Collected data =>
━━━━━━━━━━━━━━━━
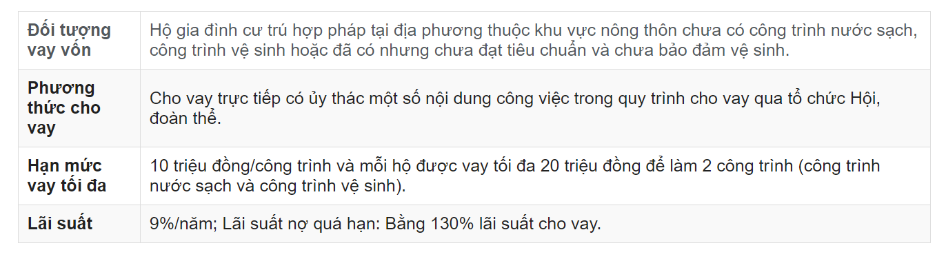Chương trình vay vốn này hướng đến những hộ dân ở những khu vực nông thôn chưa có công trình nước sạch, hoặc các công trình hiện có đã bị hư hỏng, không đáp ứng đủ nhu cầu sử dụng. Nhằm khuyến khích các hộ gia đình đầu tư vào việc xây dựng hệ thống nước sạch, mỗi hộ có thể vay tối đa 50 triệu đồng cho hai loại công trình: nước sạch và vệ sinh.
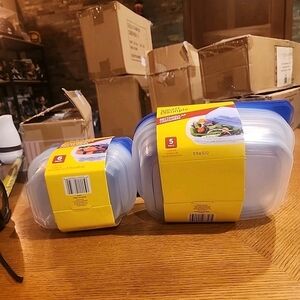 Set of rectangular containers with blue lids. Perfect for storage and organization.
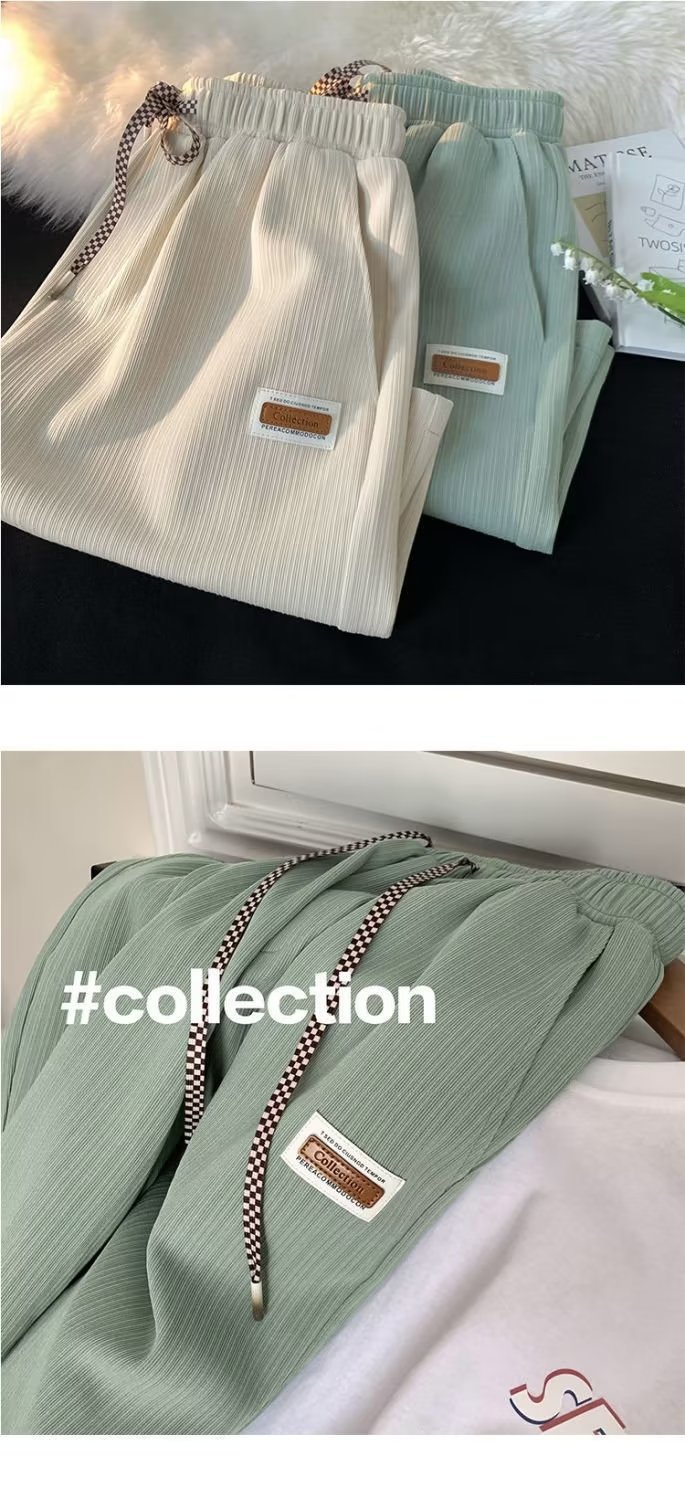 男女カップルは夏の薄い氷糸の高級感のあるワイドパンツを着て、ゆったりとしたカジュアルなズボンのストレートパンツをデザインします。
━━━━━━━━━━━━━━━━
Task statement => With the pictures set aside, write out the whole listing exactly.

Written response =>
Chương trình vay vốn này hướng đến những hộ dân ở những khu vực nông thôn chưa có công trình nước sạch, hoặc các công trình hiện có đã bị hư hỏng, không đáp ứng đủ nhu cầu sử dụng. Nhằm khuyến khích các hộ gia đình đầu tư vào việc xây dựng hệ thống nước sạch, mỗi hộ có thể vay tối đa 50 triệu đồng cho hai loại công trình: nước sạch và vệ sinh.
 Set of rectangular containers with blue lids. Perfect for storage and organization.
 男女カップルは夏の薄い氷糸の高級感のあるワイドパンツを着て、ゆったりとしたカジュアルなズボンのストレートパンツをデザインします。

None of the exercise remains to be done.